Connecting insulin pumps and continuous glucose monitors (CGM) in an algorithm controlled closed-loop system, provides far better monitoring of glucose and dosing of insulin than conventional, manual treatment methods.
A few systems are on the market, and more are on the way.
Current systems only automate basal insulin dosing. A fully automated system that also dispenses insulin bolus, e.g. at meals, requires the development of faster-acting insulin, the use of glucagon, and better artificial intelligence algorithms.
A major obstacle to adoption of the systems among patients is the difficulties associated with using them. More convenient technology is required.
- Advanced and Dual-Hormone Artificial Pancreas Systems
In artificial pancreas systems, a CGM connected to an insulin pump has taken over the role of beta cells. The CGM constantly measures blood glucose and sends values to an insulin pump. In the pump, a computer program (algorithm) determines the dosage of insulin.
In more advanced dual-hormone systems, glucagon is added to the system to counteract excessive insulin doses. See the illustration above.

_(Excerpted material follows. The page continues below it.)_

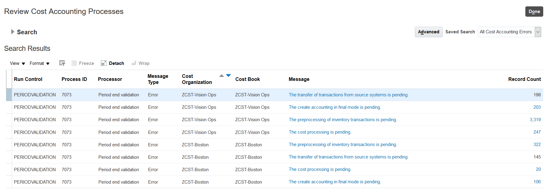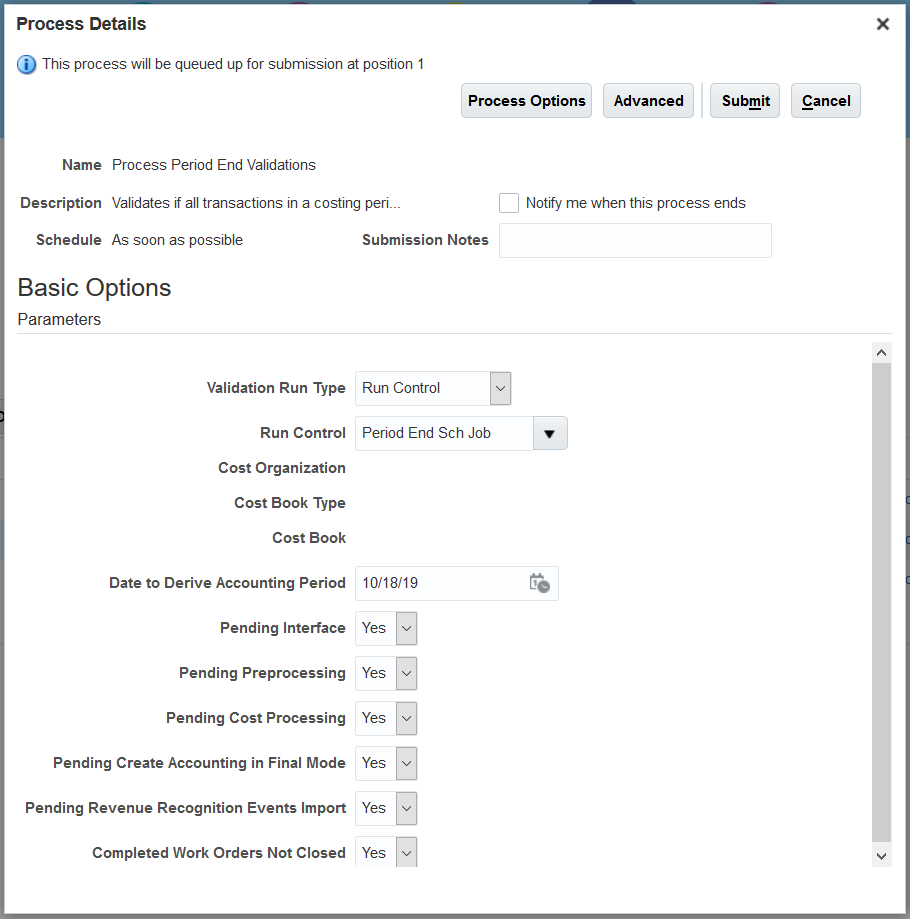 Use the Process Period End Validations scheduled process to efficiently review period end validation issues for a group of cost organizations within a run control setup or for all cost organizations to which you have access.

The systems are developed both as patch systems, ie. the pump is mounted directly on the body, and infusion set systems, ie. the pump is carried in, for instance, the pocket and is connected to the body through an infusion set. The algorithm for controlling the system can be built into the pump, the CGM, or externally e.g. on a smartphone.
The efficiency of artificial pancreas systems are limited by the following:
Blood glucose levels from a CGM are not entirely accurate.

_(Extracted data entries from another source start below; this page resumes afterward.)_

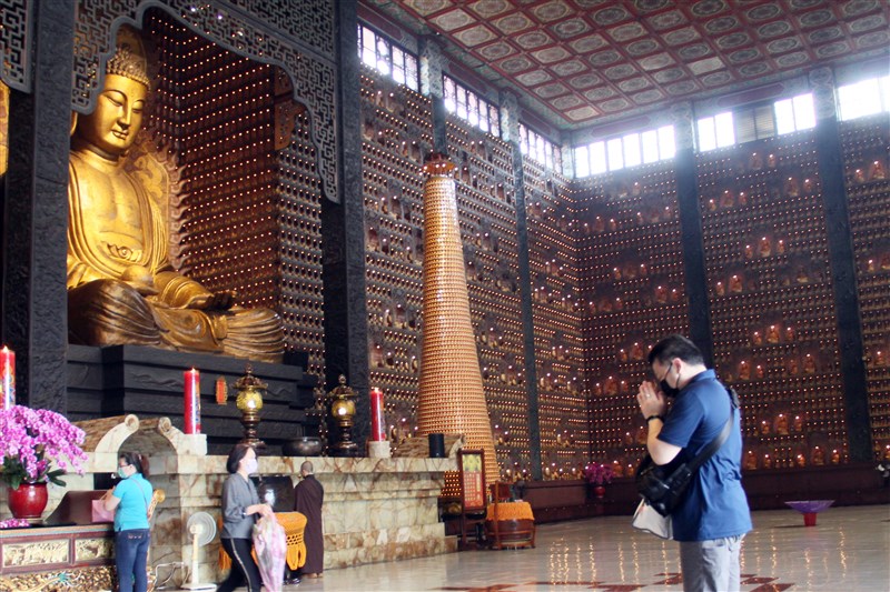 佛光山大雄寶殿陸續有人前往禮佛,好不容易盼到開放,更要把握與佛接心的機會,在疫情中祈求身心安頓。圖/人間社記者李生鳳
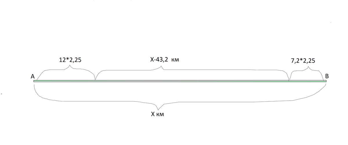 значит х-43,2 это расстояние между велосипедистами через 2ч15мин
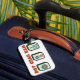 Das Gepäckanhänger für Mahjong-Liebhaber enthält Text und Kacheln für jeden Anzug "Dot", "Crak" und "Bam"
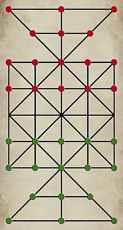 An expanded alquerque board is used. Two triangle boards are attached to two opposite sides of an alquerque board. Each player has 16 pieces that are distinguishable from the other player. Pieces are placed on the intersections (or "points") of the board, specifically on their half of the alquerque board, and the nearest triangular board.
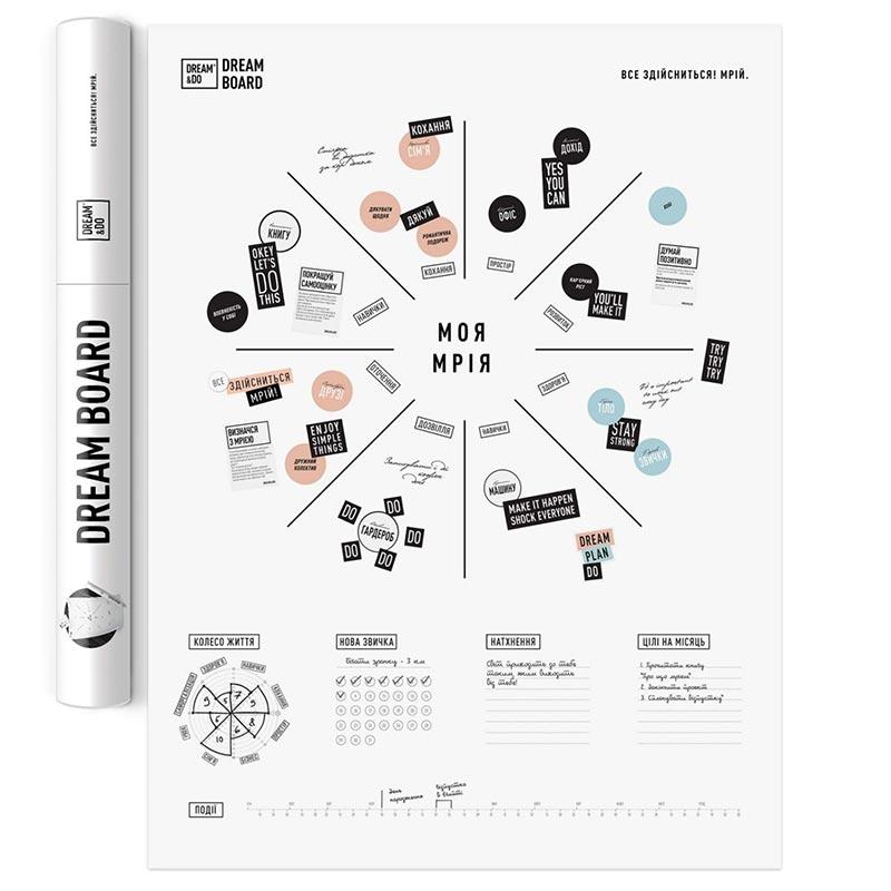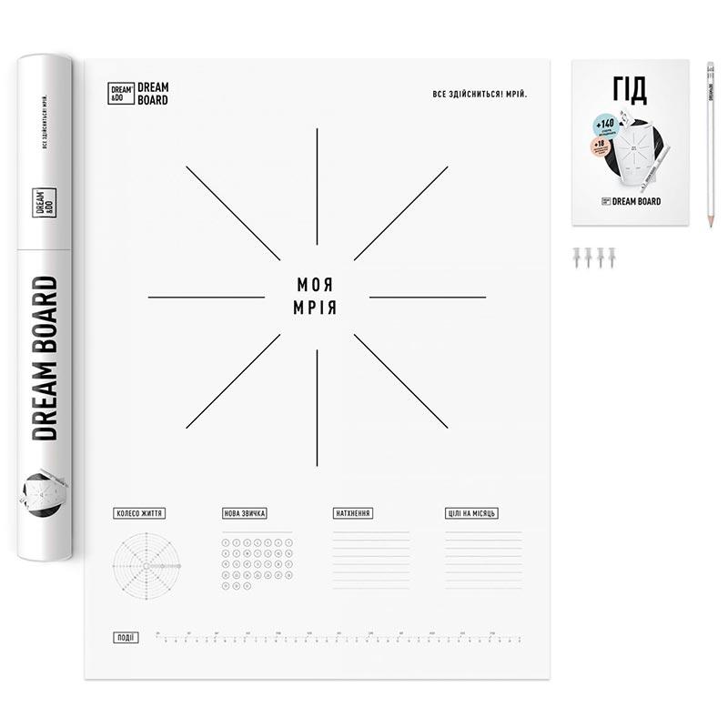 Dream Board — это вдохновляющее украшение интерьера и мотивирующий подарок для друга. Борд влюбит в мечты, упорядочит цели и подскажет, какая же она твоя счастливая жизнь! Dream Board — это ВРЕМЯ на настоящие желания и честный диалог с собой на самую вдохновляющую тему во Вселенной! Готов мечтать и воплощать? Лучшее время начать — это сейчас, не оправдываясь и не откладывая на потом! Доставай мечты и визуализируй, раскладывай на цели и достигай их каждый день.

A CGM measures blood sugar in the interstitial fluid, just under the skin. There is a delay of 10-15 min. in the value measured here, relative to actual blood sugar.
The fastest acting insulins are not effective until approx. 10 min. after injection.
Current systems all have in common that they only regulate basal insulin dosage. The most advanced systems provide suggestions for bolus dosing e.g. at meals.